例えばリチャード・レイモンに友成純一。二人の名前と作風に心当たりのある人なら、ケッチャムを避けて通ることは許されない。いや、ぼくなんかが喧伝するまでもなく読んでいて当然だろう。たとえ今は知らずとも、自然に巡り合う日がきっとくる。当然のようにくる。彼はその手の人が素通りできる作家ではない。

タネを明かせば、彼らはみんな狂気のスプラッタ作家なのだ。

うむ。それでなくても人に優しくないブログだというのに、益々閑古鳥を鳴かせるようなことを書いてしまった。弁解するわけではないけれど、そもそもぼくはラブストーリーに涙し、コメディに腹を抱え、ヒューマンドラマに心振るわせる至極真っ当な一般庶民だ。ただ、血塗れスプラッタにも理解を示す太っ腹な感性の持ち主なだけで。

ああ、思わず自画自賛してしまった。

それはともかくとして、だ。とにかく、ケッチャムは最高にオフビートかつスプラッタな作風で、最悪の読後感を約束する稀有な作家のひとりなのだ。
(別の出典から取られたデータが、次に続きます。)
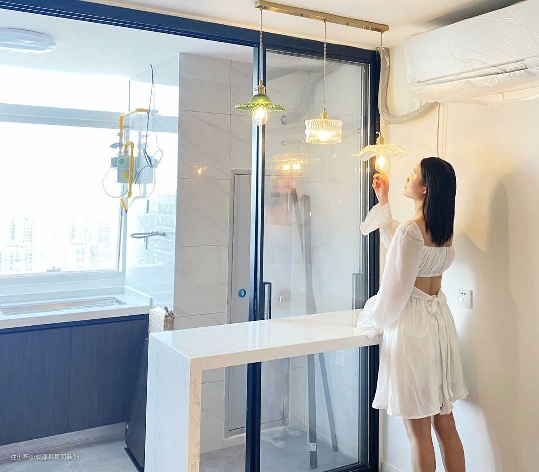 餐厅,由于屋主是90后的小情侣,前期设计了一个简易的餐吧台,后期如果人员增加,可以定制成品的餐桌放在客厅中间,节省空间的同时,还能满足功能性的使用,一举两得哦~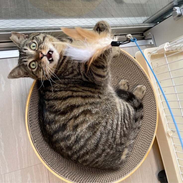 そんなティーグル君、まだ7、8ヶ月の仔猫だけれど5キロ近く体重もあって大きい🤭

彼は70年代に噴出したスプラッタムーヴィーやモンドムーヴィーのエッセンスを思う様その作品に注ぎ込み、人間性の他愛のなさを容赦なく白日のもとに晒し首にして見せる。性と死。エロとグロは常にセットと相場は決まっているけれど、ケッチャム作品においてはセクシー描写なんて欠片も頭に残らない。それこそお約束という名の形式美でしかない。そういう意味では安心して楽しめるジャンル小説ともいえる。

万一この記事を読んでケッチャムに手を出そうなんて物好きがいるといけないので、老婆心ながら忠告しておく。この作家に限っては想像力を逞しくし過ぎちゃいけない。特にこのジャンルに不慣れな人は、しっかりと感覚に蓋をして、恐る恐る覗き見るくらいから始めた方がいい。ただし、そこまでしてケッチャムにチャレンジし、結果、深刻なダメージを精神に負ったとしても、ぼくは何ら責任を持てない。

もう一度書いておく。ぼくはこの本を人に薦めたりはしない。

しないけれども、例えば“スナッフ”“悪魔のいけにえ”“食人族”“オールナイトロング”といった玉石混淆の映画たちを、旺盛な怖いもの見たさに突き動かされて貪るように観た経験がある人には、とりあえず、『隣の家の少女』をお薦めしておく。

読み終えて、つくづく最悪な作家だと思い知るはずだ。